[[ DATASET, beginning ]]

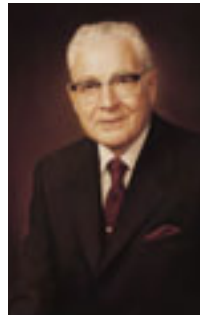
ハロルド・B・リー
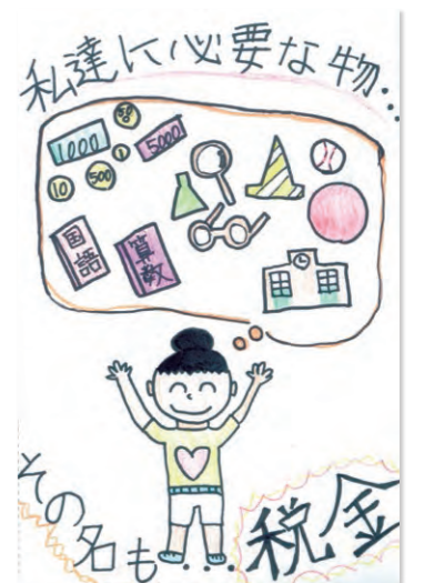
町田税務連絡協議会優秀賞
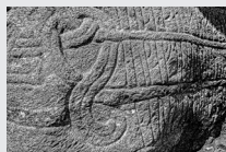
Рунный камень Харальда в Дании

Для наглядности возьмем одну сюжетную основу — божественная власть нисходит с небес на землю — и посмотрим, как она реализуется в различных мифологических системах. В древнегреческой мифологии сын богини дневного света Гемеры Уран, олицетворяющий небо, сочетался браком с Геей — Землей, породив множество дивных существ. Громовержец Зевс — царь богов, внук Урана и Геи — взирал на людей с неприступной вершины Олимпа. Среди детей, родившихся от союза Зевса со смертными женщинами, не только герои, но и цари. Самая известная и почитаемая богиня японского пантеона, Аматаэрасу, — олицетворение солнца, праматерь императоров. В германо-скандинавской мифологической традиции верховным божеством является Один (Водан, Водан), мудрец и бог войны (в греческом пантеоне таким сочетанием функций могла похвастаться Афина). Среди его сыновей Тор — опять же бог-громовержец (как тут не вспомнить еще и славянского Перуна!); Ингви, считавшийся родоначальником династии королей
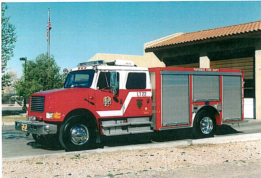
Phoenix Fire Dept. LT 22. IH/E-One fra 1991.
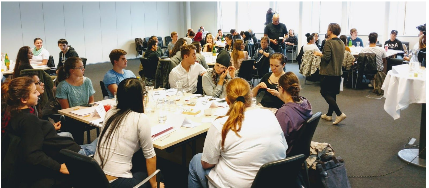
neuwal Elefantenrunde im Österreichischen Parlament zur Nationalratswahl 2017 (Oktober 2017)
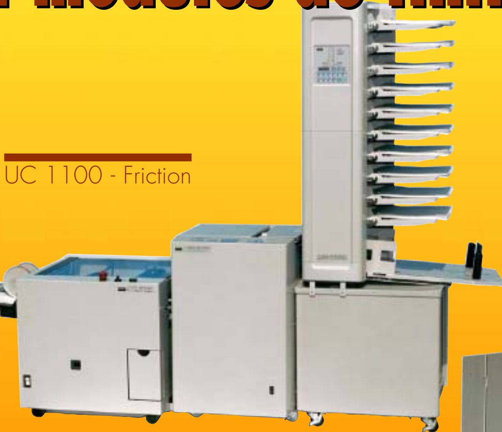
UC 1100 - Friction

Robustes, rapides et fiables pour une utilisation professionnelle
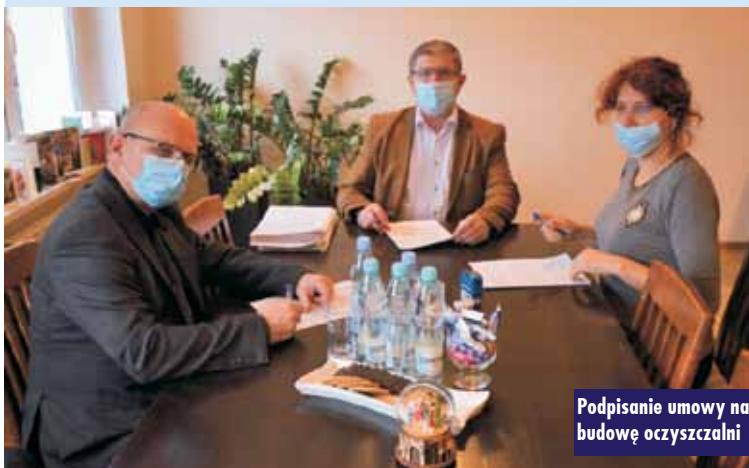
Podpisanie umowy na budowę oczyszczalni

ni ścieków w systemie „zaprojektuj i wybuduj”. Opracowanie programu wykona spółka „Sumax” z Krakowa. - W programie Funkcjonalno-Użytkowym, określimy zakres robót oraz stawiane im wymagania techniczne, ekonomiczne, architektoniczne, materiałowe i funkcjonalne. Głównym założeniem opracowania będzie zwiększenie przepustowości
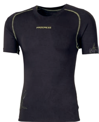
Bamboo Collection E NKR ČERNÁ / SV. ZELENÉ PROŠ. P M-XXL
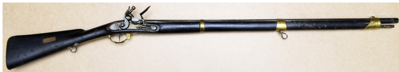
Ил. 13. Ружье пехотное обр. 1805 г. Общий вид. ВИМАИВиВС, ном. № 1/672

На казенной части ствола вырезано клеймо – переплетенные рукописные буквы «FP». На замочной доске – надпись в две строки: «Ижъ // 1808». На затыльнике приклада выбито казенное клеймо – двуглавый орел под короной. На прикладе с правой стороны – прямоугольный бумажный ярлык с двухлинейной рамкой и надписью «Ч.І, № 1770». Ствол, замок и шомпол оксидированы в черный цвет.
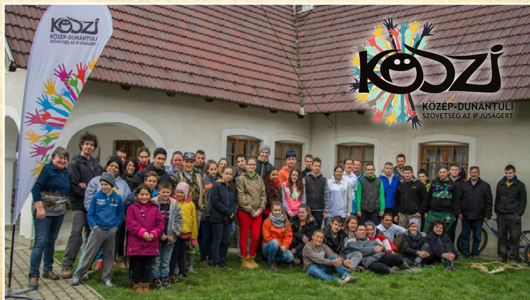
Köszí család ☺

A Közép-dunántúli Szövetség az Ifjúságért szervezet (KÖSZI) országsszerte elismert, Taliándörögdi és a térség fiataljaiért végzett közösségfejlesztő és szemléletformáló tevékenysége a mai naptól fogva kiemelt részét képezi a Taliándörögdi Helyi Értéktárnak.
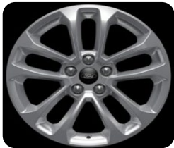
17" x 7.0" sériová výbava pre Titanium
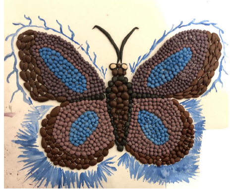
Մերի մկրտչյան Սկզբնական կրթության ֆակուլտետ Տարրական մանկավարժություն և մեթոդիկա 3րդ կուրս
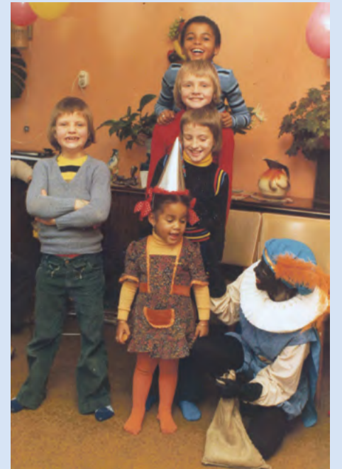
Mijn verjaardag in 1975.

We woonden op 1 hoog en je kon de buitendeur dan openen door bovenaan de trap aan een touwtje te trekken (een geweldige uitvinding). BOEM BOEM BOEM, klonk het op pakjesavond. Nu ben ik van nature al een snelle schrikker, maar die BOEM op pakjesavond was van een wel heel bijzonder kaliber. De verwachtingsvolle spanning die op zo'n moment door je heen kan gaan... ik scheet werkelijk zeven kleuren bagger. Nogmaals BOEM BOEM BOEM
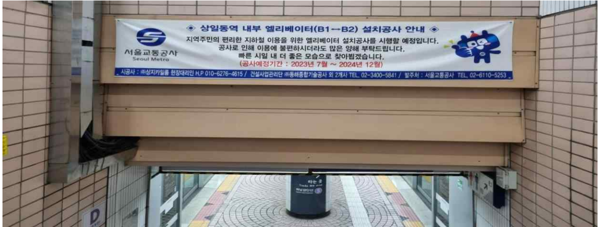
상일동역 내부 엘리베이터 공사 안내 관련 현수막
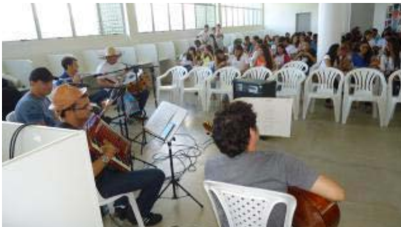
Foto 5 - Apresentação musical, participantes do Neccom e do grupo Dó-sentes
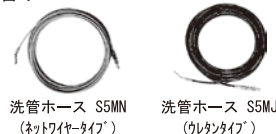
洗管ホース S5MN (ネットワイヤータイプ) 洗管ホース S5MJ (ウレタンタイプ)
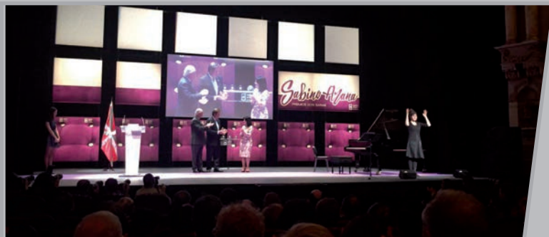
Arriaga Antzokian ospatutako ekitaldiaren panoramika.

Urtarrilaren 16ean, larunbata, Euskal Gorrakeko kide diren elkarteetako Presidenteentzako I Biltzarra izan zen. "Basauriko Gorrak" Basauriko Pertsona Gorren Elkartearen egoitzan.
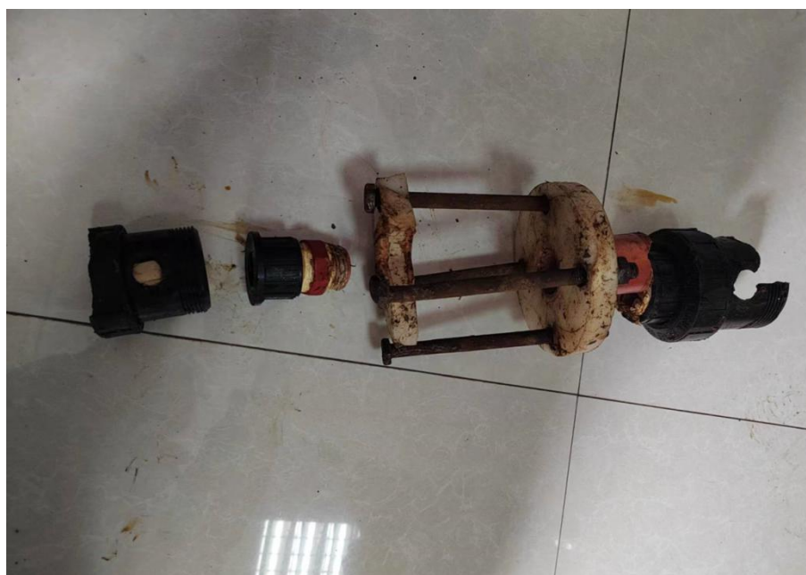
图8 事故调节阀开合状态
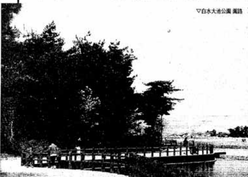
▽白水大池公園 園路

このため、行財政改革の審議をお願いしております。春日市行政改革推進委員会から答申をいただきましたので、これらを踏まえ、今後とも行財政の効率化を目指し積極的に取り組んでまいります。
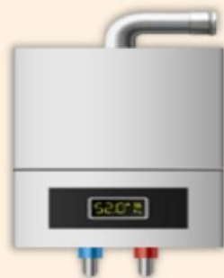
強制排氣式 瓦斯熱水器
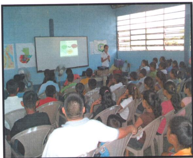
Petén, La Libertad. EORM Guatelinda. Jornada Matutina.
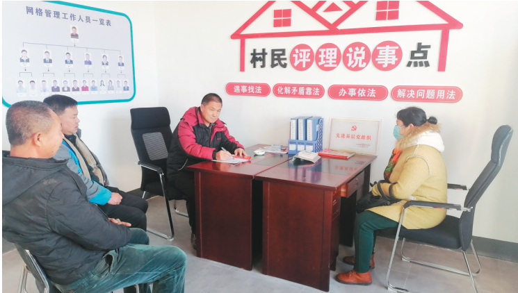
铁岭县汤牛堡子村村民到评理说事点调解矛盾纠纷。

今年，铁岭县作为“党群一张网、服务叫得响”全省试点县之一，在完善社会治理体制方面进行了积极探索。通过坚持以党建为引领，以服务为切入点，构建一网多能、三级联动、“五治”融合的治理格局，探索出一条符合县情实际的基层社会治理之路，县域治理水平不断提高，群众满意度明显提升。
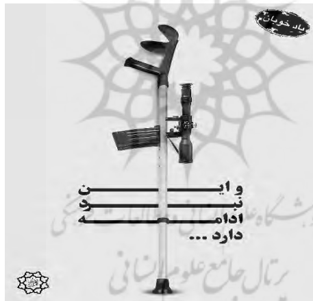
تصویر ۷. یاد خوبان

جهادی عینی تر سازد. به بیان دیگر، این نهاد هم بر «جهاد فرهنگی» و «جهاد اقتصادی» تأکید دارد و تلاش می‌کند مالکیت معنوی‌شان را به گفتمان خود مرتبط سازد و هم، با تأکید بر مشکلات اقتصادی و فرهنگی جامعه، به حاشیه‌راندن مؤلفه‌های گفتمان اصلاح‌طلبی را دنبال می‌کند همچنین با هم‌نشین کردن اقتصاد و فرهنگ، می‌خواهد اهمیت پیوند این دو دال شناور را افزایش دهد و توجه ملت به مطالبه‌های اقتصادی را در گستره عزم ملی قرار دهد و از این طریق، دال «عزم ملی» را منطبق بر گفتمان اصول‌گرایی، حول کانون مرکزی «ولایت‌مداری»، مفصل‌بندی کند و در معنای «امت» واحد تثبیت کند تا بتواند مطالباتشان را توسط عزم ملی و مدیریت جهادی هم‌ارز کند. در واقع، این نهاد درصدد است با آن دسته از کنشگران سیاسی و اقتصادی «ولایت‌مدار» و منتقد همیشگی سیاست‌های فرهنگی و اقتصادی اصلاح‌طلبان زنجیره هم‌ارزی تشکیل دهد و با ایجاد چالشی اقتصادی بر اساس منطق تفاوت، مفصل‌بندی گفتمان رقیب را به هم بریزد تا بتواند از طریق هم‌گرایی و جلب نظر و آرای این قبیل گروه‌های اجتماعی، شرایط دستیابی به قدرت سیاسی را فراهم کند.

[[ DATASET, end ]]

AIM OF THE TASK —
Reproduce, word for word, only the lines in the records above from the line with "상일동역 내부 엘리베이터 공사 안내 관련 현수막" through the line with "تصویر ۷. یاد خوبان", including both ends; omit the pictures.

SOLUTION TO THIS PROBLEM —
상일동역 내부 엘리베이터 공사 안내 관련 현수막
Foto 5 - Apresentação musical, participantes do Neccom e do grupo Dó-sentes
洗管ホース S5MN (ネットワイヤータイプ) 洗管ホース S5MJ (ウレタンタイプ)
Arriaga Antzokian ospatutako ekitaldiaren panoramika.

Urtarrilaren 16ean, larunbata, Euskal Gorrakeko kide diren elkarteetako Presidenteentzako I Biltzarra izan zen. "Basauriko Gorrak" Basauriko Pertsona Gorren Elkartearen egoitzan.
图8 事故调节阀开合状态
▽白水大池公園 園路

このため、行財政改革の審議をお願いしております。春日市行政改革推進委員会から答申をいただきましたので、これらを踏まえ、今後とも行財政の効率化を目指し積極的に取り組んでまいります。
強制排氣式 瓦斯熱水器
Petén, La Libertad. EORM Guatelinda. Jornada Matutina.
铁岭县汤牛堡子村村民到评理说事点调解矛盾纠纷。

今年，铁岭县作为“党群一张网、服务叫得响”全省试点县之一，在完善社会治理体制方面进行了积极探索。通过坚持以党建为引领，以服务为切入点，构建一网多能、三级联动、“五治”融合的治理格局，探索出一条符合县情实际的基层社会治理之路，县域治理水平不断提高，群众满意度明显提升。
تصویر ۷. یاد خوبان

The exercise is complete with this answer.